Resistemmo 18 lunghi mesi ad ogni sorta di fatica e sacrifici pagando
un pesante scotto di morti, feriti, dispersi e prigionieri.
Di 20000 uomini, 400 circa furono i morti accertati, più di 7000 i
dispersi, 2500 i rimpatriati per ferite e malattie, moltissimi, circa
4500, i rientrati dai campi di concentramento, ed in 3800 tornammo in
patria via mare nel marzo del 1945.
Chi non ha vissuto quegli avvenimenti non potrà mai rendersi conto di
ciò che è avvenuto, in quanto tutto può sembrare inverosimile ed al
di
sopra di ogni umana possibilità, purtroppo si tratta invece di una
cruda, eroica e sovrumana realtà volontariamente scelta ed
intensamente sofferta.
So di essermi dilungato; mi sono lasciato trasportare dall´onda dei
ricordi e vi chiedo scusa ma ho dovuto farlo perché le gloriose gesta
della Div. Ital. Part. Garibaldi devono essere conosciute, divulgate
ed inserite nella storia, la storia che hanno scritto col sangue i
nostri 9000 caduti.
Una parte, una buona parte delle nuove generazioni non riesce a
rendersi pienamente conto dei valori ideali della Resistenza perché
ignora il passato dittatoriale fascista ed il prezzo pagato dalle
generazioni di allora e dalle nostre per la conquista della libertà.
Per questo è più che mai necessario insistere per rendere operante e
fattivo l´obbligo di insegnare, in tutte le scuole, di ogni ordine e
grado, la storia del Secondo Risorgimento.
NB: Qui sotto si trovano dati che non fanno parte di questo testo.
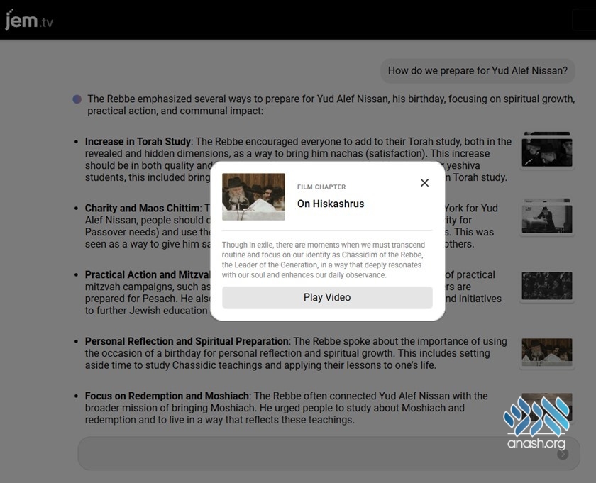 For decades, Jewish Educational Media (JEM) has meticulously curated, translated, and produced thousands of videos capturing the Rebbe’s teachings and personal interactions. Soon, JEM will be rolling out a groundbreaking AI-powered tool that will transform how users access and explore this vast archive.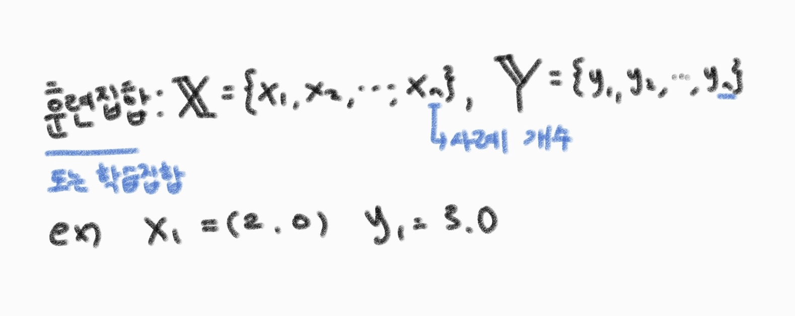 기계학습에선 가로축에 해당하는 패턴을 특징(Feature)이라 한다. 위 예시에서는 특징이 하나뿐이나 보통 2개 이상의 특징으로 구성되는 특징벡터 형태를 띠므로 특징은 스칼라가 아닌 벡터 표기를 사용해야 한다. 따라서 훈련집합(Training Set)는 아래 처럼 표기하며 훈련집한의 요소를 사례 또는 샘플이라 부른다.

Di fronte alla realtà di un´Europa unita è tempo di dare uno sbocco
concreto e pratico ad un futuro sul quale è doveroso concentrare
tutta
la forza e l´influenza necessaria per la continuazione dei nostri
ideali.
Comunque per concludere è a voi giovani che mi rivolgo per dirvi che
furono gli uomini della Resistenza con le stellette o senza,
all´estero o in patria a presentare al mondo l´Italia che risorgeva
dalle macerie del fascismo. Non dimenticatelo mai e non dimenticate
che i valori della Resistenza, specie con i tempi che corrono, possono
ancora far ritrovare una unità d´azione, al servizio della
collettività. Questo lo scopo per cui noi vogliamo sopravvivere. E
con
questa speranza mi congedo ringraziandovi per avermi ascoltato.